THE TASK — When you write out the listing, keep every character and omit the pictures.

DATASET EXTRACT —
=-=-=-=-=

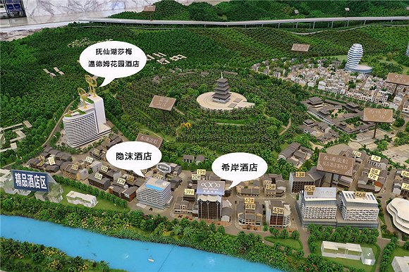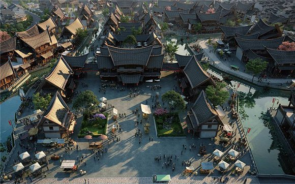 景观方面,大一期未来将呈现“四象五街十六坊”的景致格局。其中,“四象”包括抚海湾景区为核心的“仙湖月夜”、蓝莓山为核心的“湖山胜景”、仙湖迷城核心区“古城迷踪”以及其水景街区构成的“曲水流觞”。
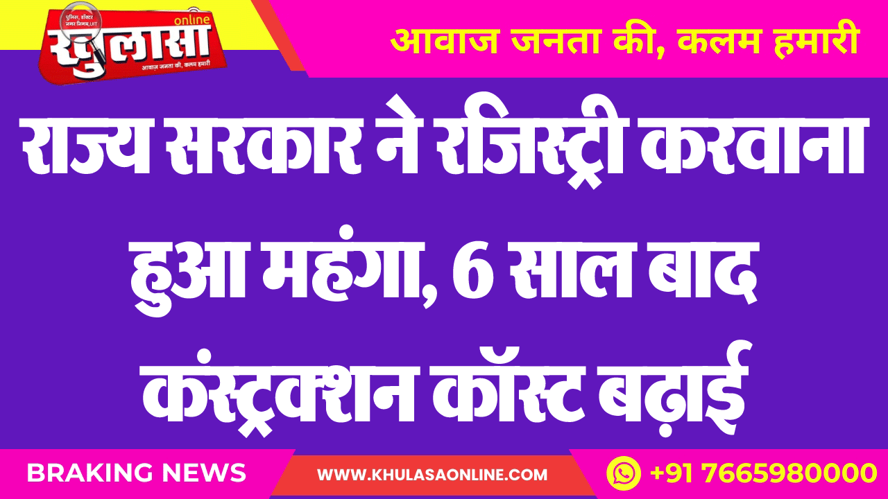 राज्य सरकार ने रजिस्ट्री करवाना हुआ महंगा, 6 साल बाद कंस्ट्रक्शन कॉस्ट बढ़ाई
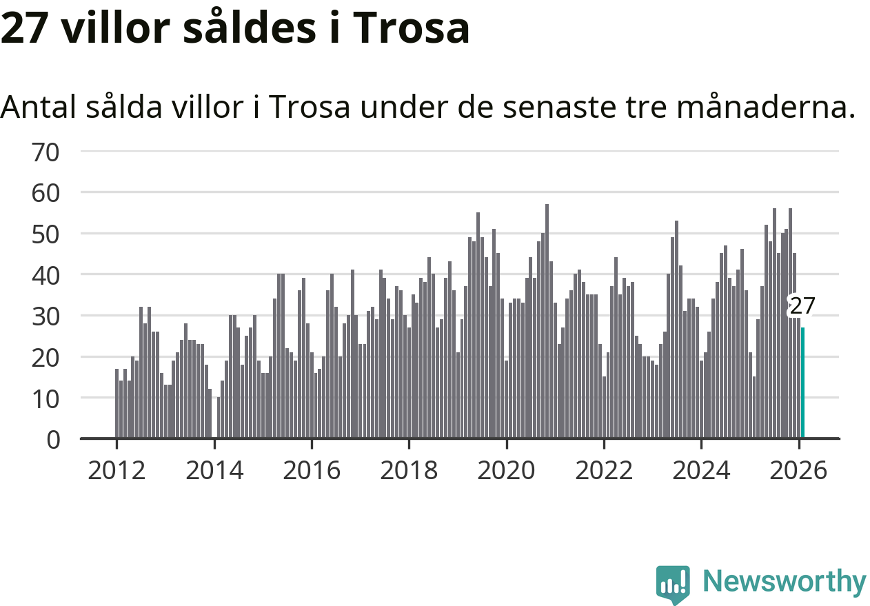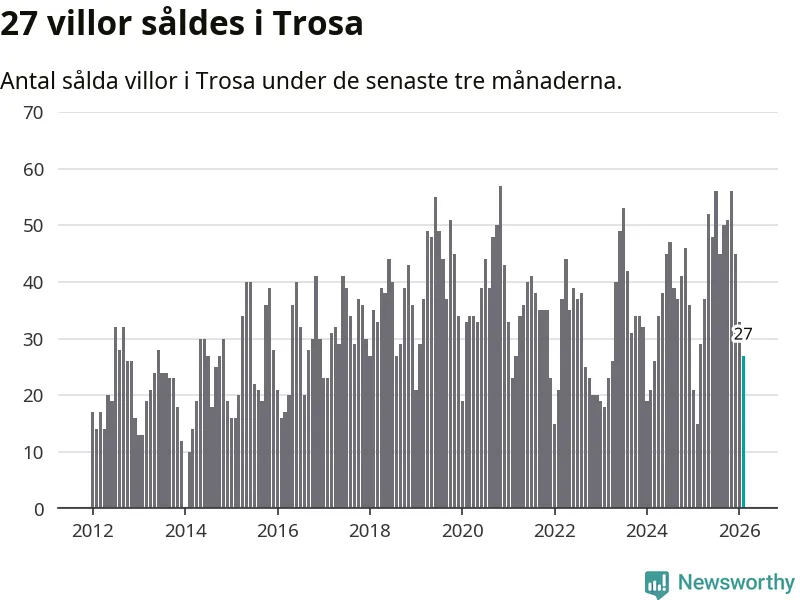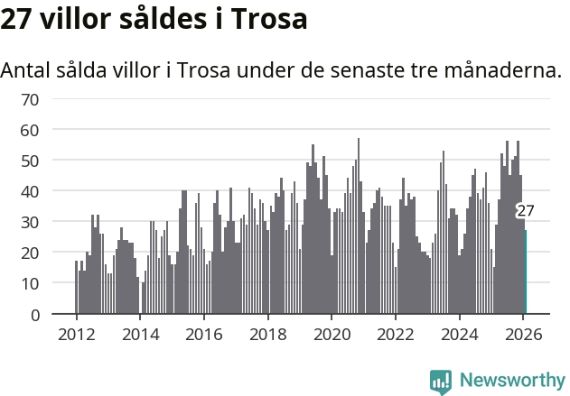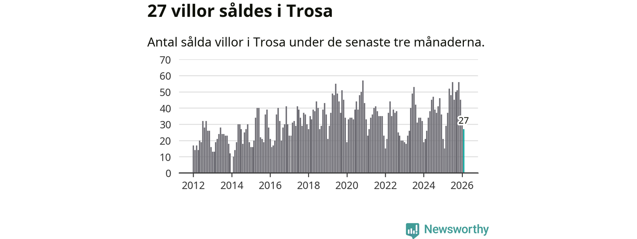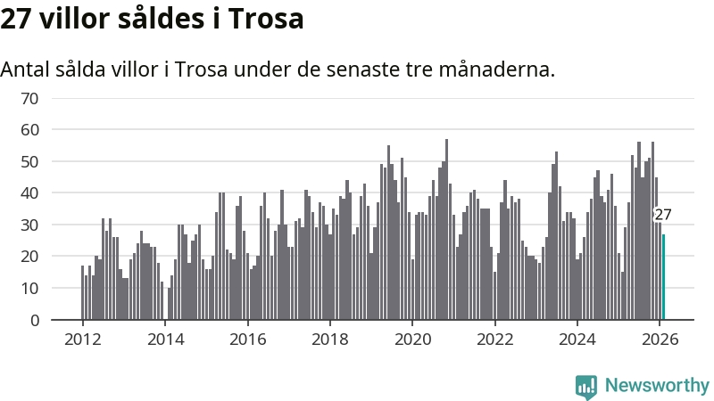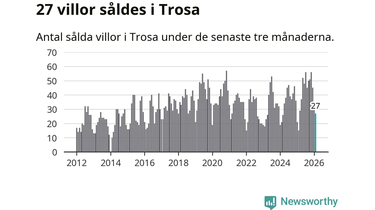 Mellan december och februari gjordes sammanlagt 27 affärer med villor i Trosa kommun. Det kan jämföras med 15 vid motsvarande tid i fjol.

=-=-=-=-=

EXPECTED ANSWER —
 景观方面,大一期未来将呈现“四象五街十六坊”的景致格局。其中,“四象”包括抚海湾景区为核心的“仙湖月夜”、蓝莓山为核心的“湖山胜景”、仙湖迷城核心区“古城迷踪”以及其水景街区构成的“曲水流觞”。
 राज्य सरकार ने रजिस्ट्री करवाना हुआ महंगा, 6 साल बाद कंस्ट्रक्शन कॉस्ट बढ़ाई
 Mellan december och februari gjordes sammanlagt 27 affärer med villor i Trosa kommun. Det kan jämföras med 15 vid motsvarande tid i fjol.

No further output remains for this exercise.